Purpose and product win-win

For brands that have at their core a social purpose, the most logical strategy is to donate all or a portion of your sales to a cause that aligns with your brand. Patagonia is squarely in this category, as is Everlane and Alo Yoga.

For brands that already have donations built into their product, however, how do you dial it up for Black Friday?

Minimalist lifestyle brand Ugmonk's solution was to combine a 20% off promotion with tripling their usual donation of one meal-a-day to three-a-day through Rice Bowls, a non-profit that feeds orphan children in developing countries.

A variation of that strategy is to produce a custom product whose design and proceeds underscore the purpose of the brand.
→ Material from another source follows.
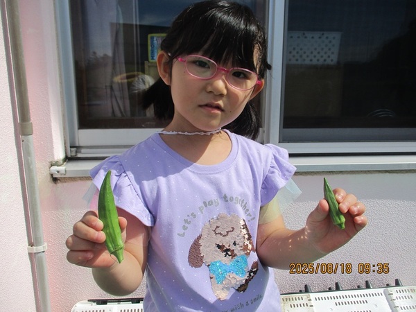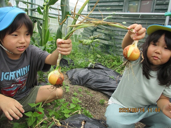 にんじん、じゃがいもはもちろん、たまねぎ、おくら、とうもろこし等、たくさんの野菜を畑で育てました。草むしりをしたり、水をあげたり、成長を楽しみにしていました。みんなの愛情が伝わり大豊作!!!おいしくおいしくいただきました。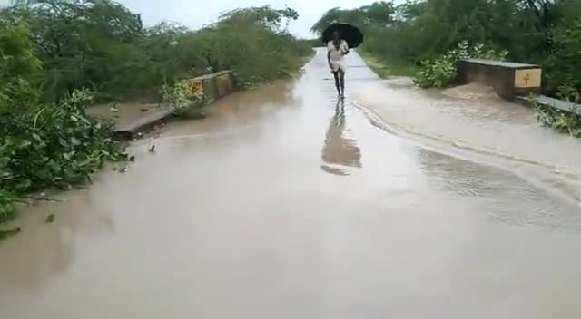 पंचायत समिति पीपलू के दोताना गांव में पुलिया में पानी न माने के कारण रोड के ऊपर से पानी निकल रहा है

Lush Cosmetics is a good example -- in previous years they produced a custom Orangutan soap to benefit the Sumatran Orangutan Society.

Urgency, purpose and product win-win

AllBirds spins the above further and does a limited-edition set of shoes for Black Friday -- Rarebirds -- that sell out within days. They also hold workshops in store where customers can decorate their gift boxes with upcycled materials.
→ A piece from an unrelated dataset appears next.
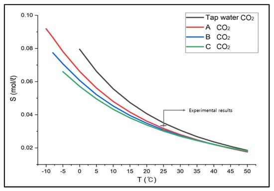 We compared the CO2 absorption performance in CaCl2 brine, which was determined as the optimal brine earlier, with the simulated values from ASPEN PLUS. First, our experimental results indicated that the solubility of CO2 in CaCl2 brine was 0.0355 mol/L in Solution A, 0.0347 mol/L in Solution B, and 0.0338 mol/L in Solution C. On the other hand, the simulated results from ASPEN PLUS showed 0.0317 mol/L in Solution A, 0.0309 mol/L in Solution B, and 0.0301 mol/L in Solution C. The experimental results and errors were in the range between 10.70% and 10.95%. The errors could be estimated because the amount of the absorbent solutions could gradually decrease, and the absorption concentration could increase relatively when the absorbent solutions were partially mixed with liquid drops during the CO2 flow. The results between the actual experiments and the ASPEN simulation were similar, implying it can be further applied to other hazardous gases and different conditions. (Figure 5) describes the result of CO2 gas solubility in CaCl2 brine between −10 °C and −50 °C. It suggests the solubility of CO2 decreased as the concentration and temperature increased [19,20].

Third Love, the innovative bra and underwear DTC brand, has a policy of taking bras that have been returned by customers to and donating them to women in need. Like Ugmonk, they offered a discount during the Black Friday event and donated a bra for every bra sold. However, the added element was a telethon-like goal of 10,000 bras donated, so people could see their social impact during the event. 

A nod and a wink

The evolution of creative strategies around Black Friday bears a striking similarity to big TV events like the Super Bowl. It almost feels like the brief was “Let's talk about Black Friday without actually doing Black Friday.”

A strong case in point is the latest IHOP ad, "Stuck," that tames a mob of deal-crazed shoppers with the feel-good magic of IHOP's limited-time Elf on the Shelf Menu. The words Black Friday never come up.

And then there are the creative strategies that celebrate the holiday rituals. Chubbies, a DTC menswear brand, promoted their Schworts with a tagline "Ate the whole turkey. Need comfy shorts." You can imagine the accompanying visual.

You've been pranked

There aren't words to do justice to the lunacy that is the Cards Against Humanity 99% off Sale. It's the killer app of all Black Friday promotions, and it truly couldn't have been done by any other brand. It sells the game -- true -- but it's a promotion, a countdown sale, and the kind of absurd theatre that underscores the game's reason for being like nothing else.

It involves a faceless guy in a red full-body leotard, a genuine 17th-century Italian halberd, a generous helping of swears, and the lowest production values available anywhere. It's NSFW but unmissable, so plan your day accordingly.

To succeed in counter-programming Black Friday, then, it's clear that the brands that succeed do one thing extremely well: they understand the intersection between their customers, their product and Black Friday as a moment in their customers’ lives.

Let's see how their thinking evolves this coming Black Friday.